On Wed, Apr 6, 2011 at 3:15 AM, Alex Brollo <alex.brollo(a)gmail.com> wrote:
I saved the HTML source of a typical Page: page from
it.source, the
resulting txt file having ~ 28 kBy; then I saved the "core html" only, t.i.
the content of <div class="pagetext">, and this file have 2.1 kBy; so
there's a more than tenfold ratio between "container" and "real
content".
I there a trick to download the "core html" only? And, most important: could
this save a little bit of server load/bandwidth?

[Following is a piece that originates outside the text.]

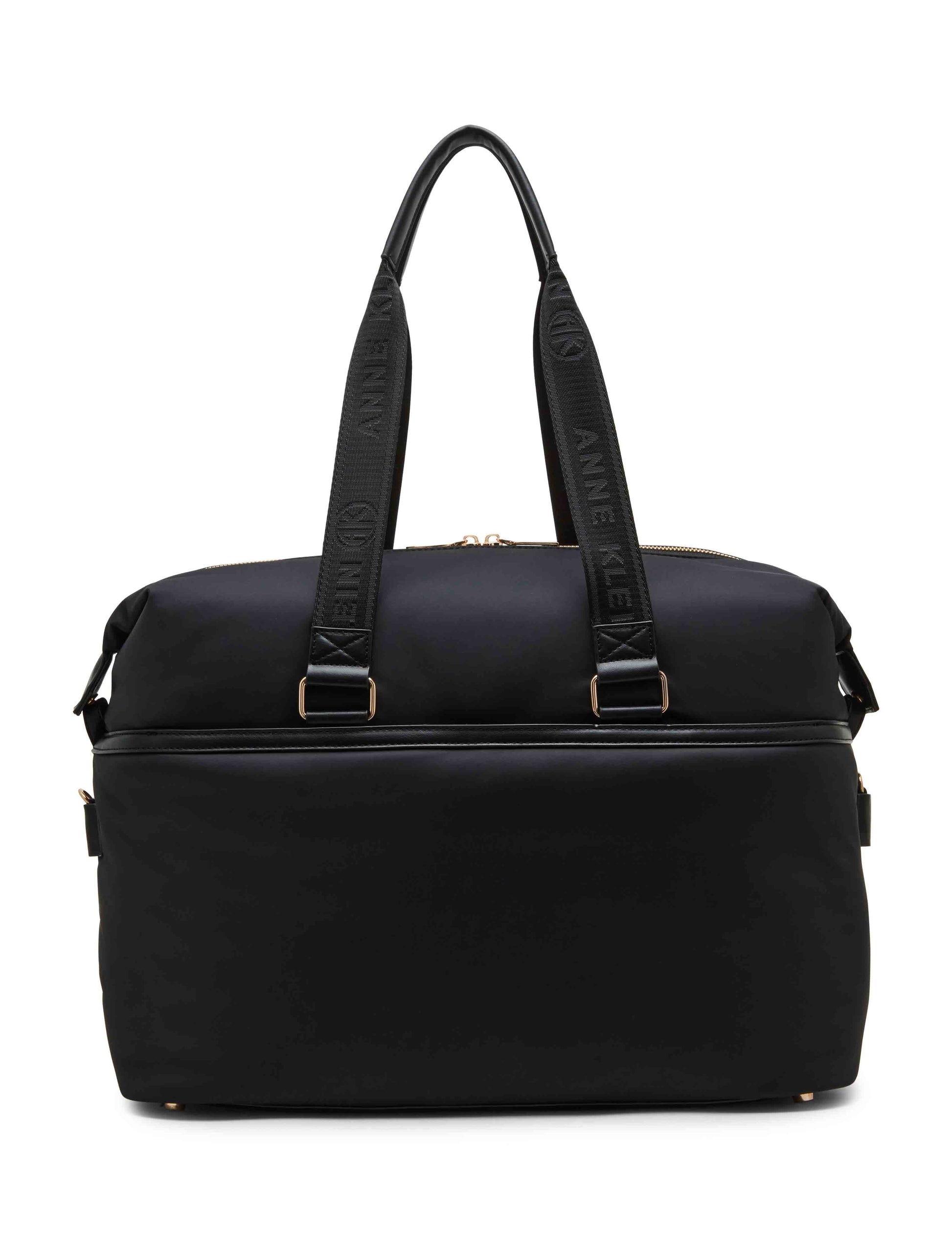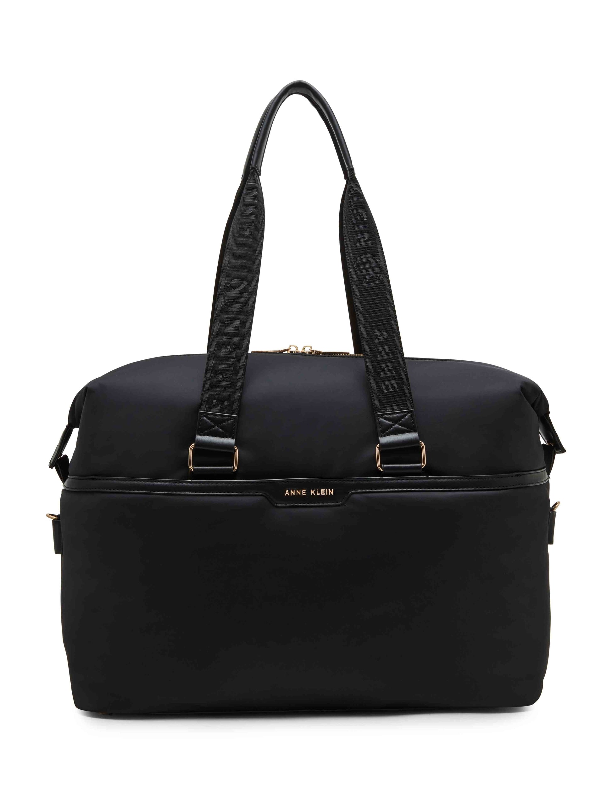 - The tote includes a convertible strap that can be adjusted to a max length of 24". Comes with a detachable pouch, decorative luggage tag and packable shoe bag.

It could save a huge amount of bandwidth. This could be a big deal
for mobile devices, in particular, but it could also reduce TCP
round-trips and make things noticeably snappier for everyone. I
recently read about an interesting technique on Steve Souders' blog,
which he got by analyzing Google and Bing:
http://www.stevesouders.com/blog/2011/03/28/storager-case-study-bing-google/
The gist is that when the page loads, assuming script is enabled, you
store static pieces of the page in localStorage (available on the
large majority of browsers, including IE8) and set a cookie. Then if
the cookie is present on a subsequent request, the server doesn't send
the repetitive static parts, and instead sends a <script> that inserts
the desired contents synchronously from localStorage. I guess this
breaks horribly if you request a page with script enabled and then
request another page with script disabled, but otherwise the basic
idea seems powerful and reliable, if a bit tricky to get right.
Of course, it would at least double the amount of space pages take in
Squid cache, so for us it might not be a great idea. Still
interesting, and worth keeping in mind.